"I hate Potter. Always thinks he's so.." Draco trailed off, looking at himself in the mirror. This was apart of his routine, talk shit about Potter to the mirror.
He sighed, leaning down and splashing water in his face. He heard Blaise knock on the door so he exited the bathroom. Draco suddenly pulled a mirror out of his asshole, he looked at his reflection. "Damn, I look nice. I would fuck myself. I am a god damn piece of ART. Damn straight. I am honored to have this gorgeous body. My beautiful light hair is a perfect match to my pale skin." Draco blew kisses at the mirror, before putting it down. He loved himself more than Dumbledore loved getting off to little kids.
Draco headed to the Great Hall.

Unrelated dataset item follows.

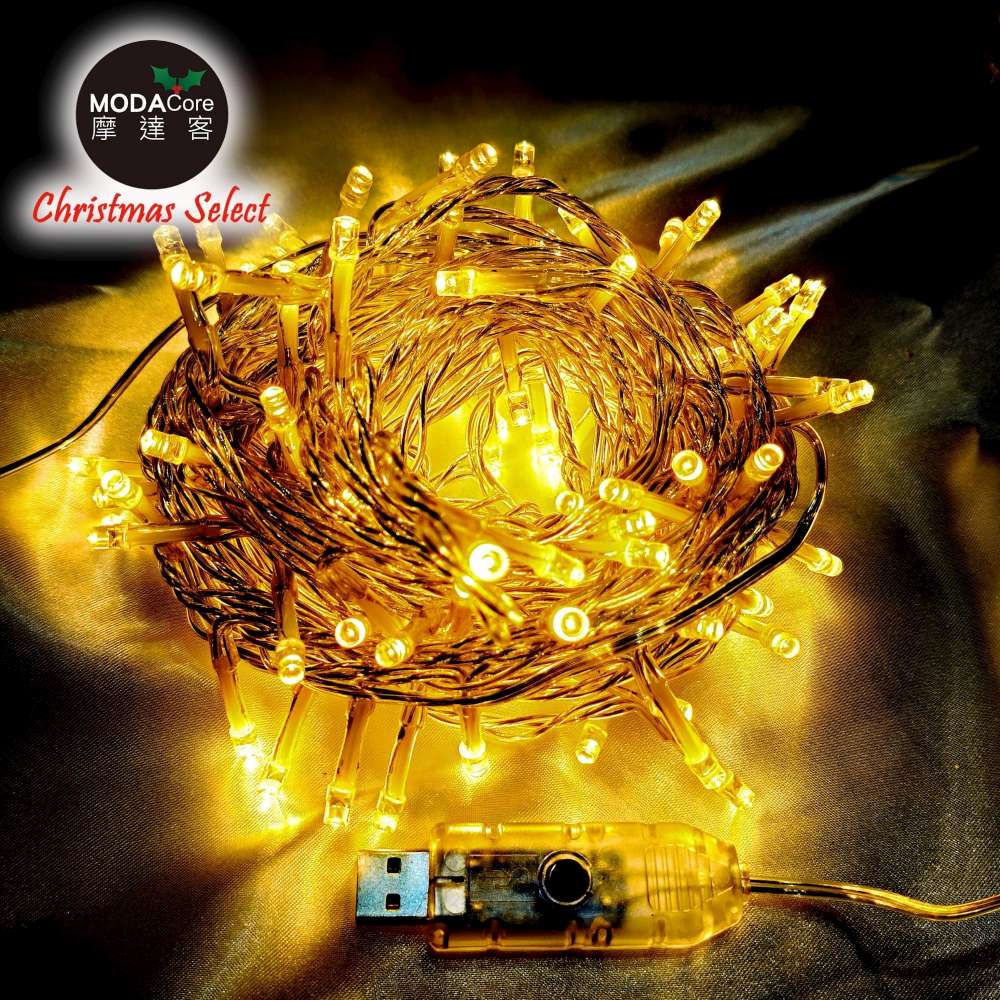 摩達客-浪漫療癒200燈LED高亮度透明線聖誕燈樹燈串-暖白光(USB充電接頭+控制器)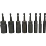 ソケットビット6mm〜19mmの8本セット。電動ドライバー対応でDIYに最適。六角軸1/4インチ、長さ65mm/80mmのアダプター付き。GRmkt製の高品質工具です。

Once he opened the door, he strutted to the Gryffindor table. He sat down next to Potter. "Good morning, Potter. I hate you so much. I have daddy issues," he said, reading his script that his daddy wrote for him. "You are a fucking cunt, suck my fat willy." With that, the blond folded the paper, walking to the Slytherin table.
"Bloody hell!" Ron said, snorting cocaine to achieve his usual look. Hermione slapped him. "Ronald! You got coke on my robes!" She said, sighing.
Snape appeared out of nowhere. "Potter. I fucking hate you. 420 points from Gryffindor. 69 to Slytherin. Your mom was tight af though 💀💀💀😂😂👌🔥🔥" He dabbed and vanished.
Harry cried as he thought of his parents. "Oi fuck there he goes again," Ron said.
"Meet me at the room of requirements," Draco screeched to Harry. They both got up and strutted to the RoR.
Once in the room, Draco tackled Harry to the bed. "Potter. I love you. Yes, it makes no sense, but I love you." He stripped naked. "You've been nothing but a huge dick to me, but I want to play with your wand," Harry said. The two began to make out naked, it was very gay. Their wand fight was interrupted by Snape.
"The fuck is this gay shit?!" Snape asked. "400 points from Gryffindor." He pointed his wand at Harry, shouting "AVADA KEDAVRA!" killing him instantly. He did the same to Draco.
Once Snape saw their dead bodies, his other wand got hard. "Damn, that's hawt," He said. He began to fuck the dead bodies.